After scrapping off or peeling off the stratum corneum samples, the adhesive material containing the stratum corneum is cut into strips and then a suitable organic solvent, and a suitable buffer and an internal standard is added thereto. Alternatively, the scrapped sample may be added to this mixture. Then, the mixture is agitated for anywhere from 30 seconds to 5 minutes. Thereafter, the drug to be analyzed is extracted from the mixture, wherein after an alkaline substance is added to the extracted drug in order to form the free base-of the drug.

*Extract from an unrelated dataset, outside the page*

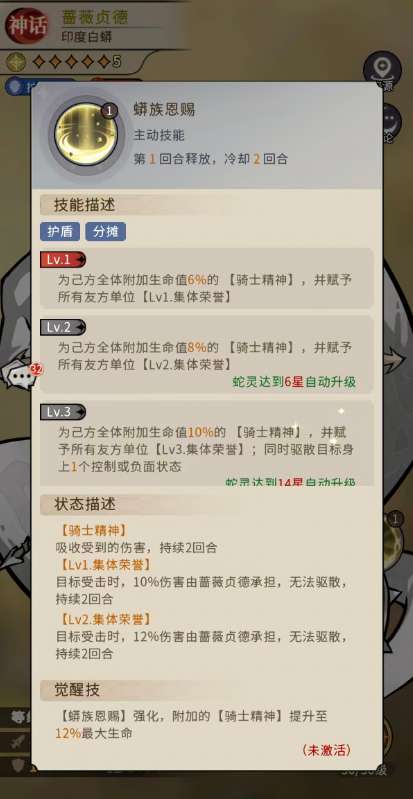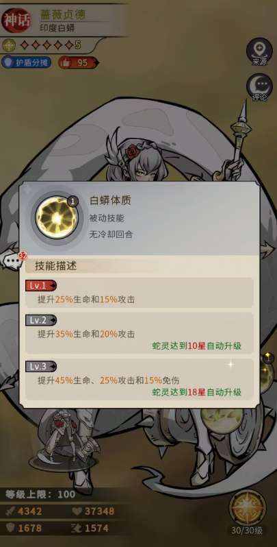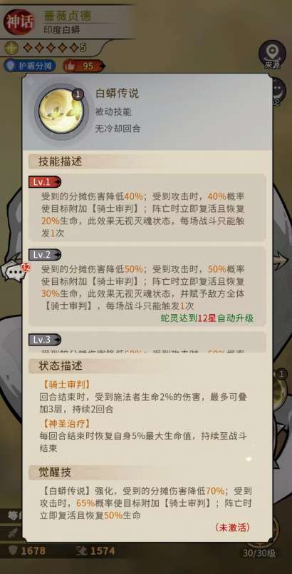 因为蔷薇贞德是印度白蟒的蛇灵,所以在这里被动的增益叫做白蟒体质,可以提升25%生命和15%攻击,在技能3级的时候提升的是45%生命、25%攻击和15%免伤。最后的白蟒传说被动技能,是蔷薇贞德受到伤害的时候,这里可以让分摊伤害降低40%,且同时有40%概率使目标附加【骑士审判】,如果是被攻击导致阵亡,那么此时可以立即复活且恢复自己的20%生命,这个效果跟起其他的复活效果一样直接无视灭魂状态,就是每场战斗只能触发1次。

In general, any organic solvent can be used which is capable of dissolving the drug or drugs to be detected. Generally, solvents such as diethyl ether, methanol, acetone or chloroform are used. However, any solvent which is capable dissolving the drug of interest may be used.

Such solvents are well known to those skilled in the art and can be ascertained from the Merck Index, for example.

Further, any alkaline substance may be used in an aqueous solution provided that it is capable of releasing the free drug base. Examples of such an alkaline substance is sodium and potassium carbonates and bicarbonates. Then, the drug is extracted from the alkalized-mixture using a suitable organic solvent. Further, any buffer having a pH of about 7.5 to 9.0 may be used.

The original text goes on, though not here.